Laetitia Sadier Laetitia SadierThe Trip
Until we hear “Not Music”, Stereolab’s new LP that will come out in the middle of November, we won’t know to what extent “The Trip” is a conservative or an audacious movement from Laetitia Sadier. Essentially, this solo album outside of the band’s discipline—and which therefore seeks a space of freedom to develop ideas that wouldn’t have all of the space that they require if they were subject to the entire group’s vote—doesn’t sound very different from what Stereolab has been doing lately, so it’s logical to wonder whether Laetitia really needed to work on her own for awhile. What she did with Monade had its logic –although it was material inferior to that of Stereolab– but here we find ourselves before a stage that doesn’t surprise at all. “The Trip” is like a Stereolab album in which the kraut influence has been toned down and that of French pop has been heightened. It’s not only that you recognise the band because the voice is the same, but because the type of songs and instrumentation is very similar. “The Trip” is more acoustic, and the other is more synthesised, but there is definitely no change in the paradigm.
Therefore, Laetitia Sadier’s need should be understood in the sense that a phase of fruitful creativity requires ways of liberating the material that she has been writing. There are nine songs here –plus three interludes– that could have been material for “Not Music” or any future Stereolab album, but which for whatever reason don’t fit in. It might be that Sadier considers them to be so personal that the only way to give them sentimental coherence is to put them out under her own name. This is a possibility, because the idea that they are discards, let me repeat, is clearly out. This is good material; these are inspired songs that remind us continually that Sadier is a majestic composer of pop capsules, that she has the gift of song beyond the good idea of wrapping them up in retro packaging. The start-off with “One Million Year Trip” –articulated around a motorik rhythm from the Neu! school throws us off at first: if it had a little more noise and distortion, it could have even been an homage to the classic “Emperor Tomato Ketchup”– but after that, the album bases itself on the premise of maximum purity. The guidelines of the rest of the album are set out in the following song, “Fluid Sand”: it is acoustic, with organic percussion, slide guitars, keyboards that basically add colour, but which don’t interfere in the final result. Although at the end of this song the rhythmic pattern accelerates, the entire album has a restful, vacation-like tempo, it is lazy, and at times it aspires to be a nod to Brazilian tropicalia ( “Natural Child”), sung in English and French, or a return to one of the periods that most occupy the Stereolab faction - the 60’s space age, experiments with stereo, and cocktail music.
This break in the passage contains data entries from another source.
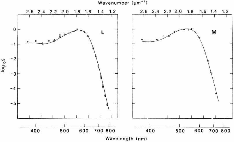 The first approach involves the measurement of spectral sensitivities of human color defectives known as dichromats. Based on the assumption that these people lack one of the normal subject's three mechanisms and further that (like normal subjects) they also lack the S cone mechanism for very small targets at the fovea, it has been assumed that the dichromat's sensitivity at the central fovea is determined largely by one mechanism. The protanope (lacking L cones) was assumed to have only the M cone mechanism, and the deuteranope only the L cone mechanism. Willmer and Hsia and Graham used this approach to identify two mechanisms with broad overlapping spectral sensitivities that peaked at about 540 and 580 nm (Fig. 9).35,36 These results are essentially in accord with the analysis made by Pitt of the color-matching functions of dichromats.37 Later, Blackwell and Blackwell measured the S cone mechanism in blue-cone monochromats, color-blind subjects who lack functional M and L cones.38 These monochromats had a peak sensitivity at 440 nm. The second approach involves the use of chromatic adaptation of normal subjects. It is based on the assumption that the sensitivity of one or two of the normal trichromat's mechanisms can be reduced by exposure to certain colored backgrounds, leaving the remaining mechanisms relatively more sensitive to determine spectral sensitivity. Such experiments identify color mechanisms peaking at about 540 and 570 nm, agreeing reasonably with the functions found in dichromats.35,39 Undoubtedly, the most extensive application of the chromatic adaptation technique has been applied by Stiles.40–43 He measured threshold responses to spectral lights against relatively low-intensity monochromatic backgrounds and isolated a number of spectral sensitivity curves (π mechanisms). Three of the mechanisms peaked at 440, 540, and 580 nm and probably reflect the activity of the S, M, and L cones, respectively. Using a similar technique but with more intense colored backgrounds, Wald basically confirmed the Stiles results.44 Wald argued that his three functions were estimates of the absorption spectra of the cone pigments and that three of Stiles' π mechanisms also were measures of the sensitivity of the cone mechanisms. Color defectives and chromatic adaptation have each played an important role in the psychophysical inference of the cone spectral sensitivities in humans. At first glance it may seem surprising that we are able to measure the spectral sensitivity of a receptor type in color normal subjects, given that almost all second-order and subsequent neurons receive inputs from more than one cone type. The reason we can achieve relative isolation is that a strongly colored field will differentially adapt various cone types leaving one type substantially more sensitive than the others (see later). In the absence of strong chromatic adaptation, when a neutral (white) adapting field is used, the spectral sensitivity of the eye to increments reveals the antagonistic interaction between cones that characterize the opponent stage of color processing.45–47 |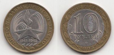 10 рублей 2005 СПМД. 60 лет победы в ВОВ 1941-1945гг.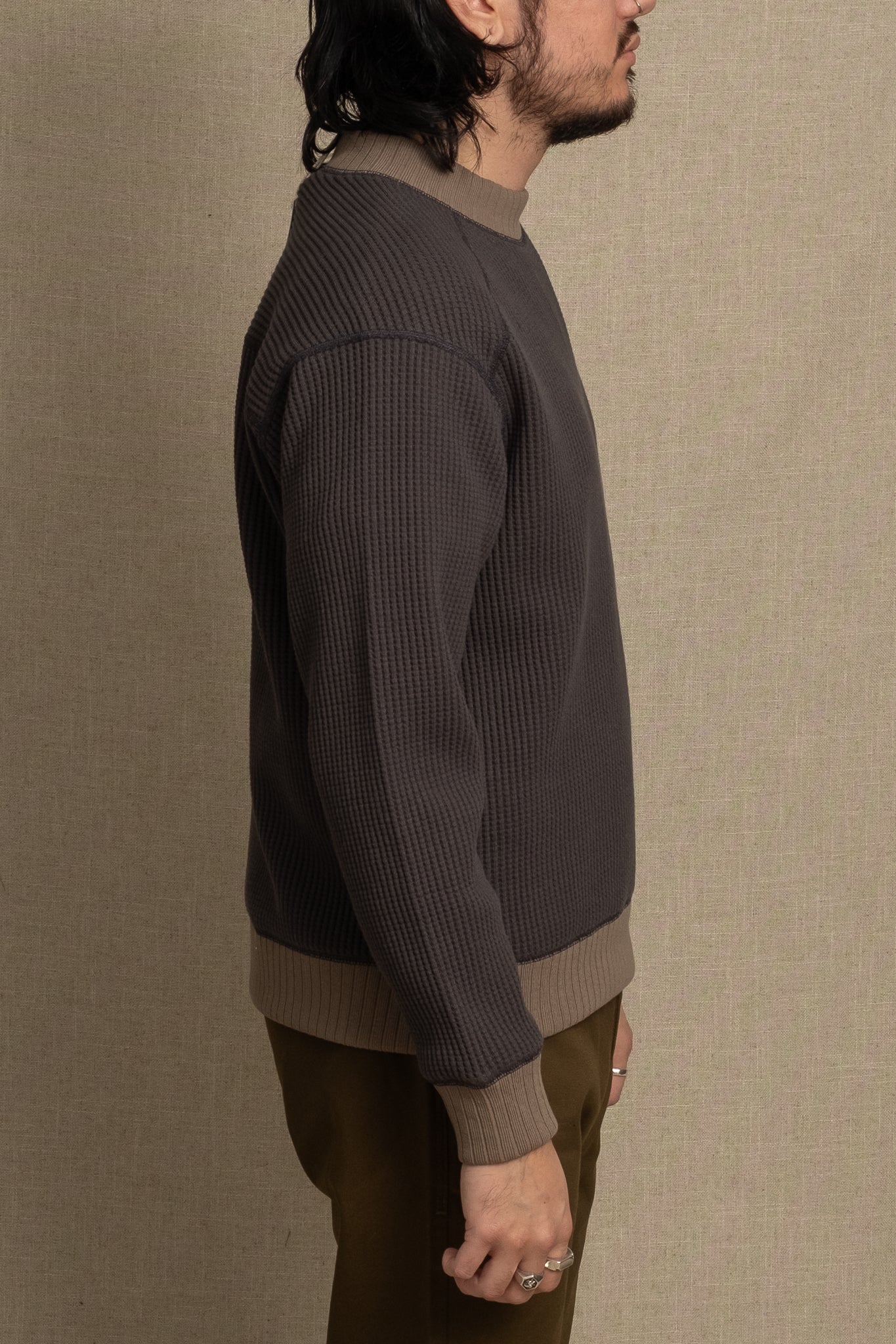 Waffle Midneck Sweater - InkBlack x Sepia

Once again, there is nothing surprising. “The Trip” is entirely comprehensible within the Stereolab setting, and it doesn’t disturb any work dynamic. What should be a surprise is “Not Music”, for the reason we mentioned before: what is changing so much that it has led Laetitia Sadier to take a few personal weeks off to slow-cook this easy-listening curiosity? But I think I know the answer, since there is no mystery at the bottom of this issue. It’s a diversion, a rest, a candy, and it shouldn’t be given any greater importance than it has. Once you have accepted that, the songs feel like a gentle breeze on your face, a feeling which departs as quickly as it has come, without bothering you, leaving behind a pleasant feeling.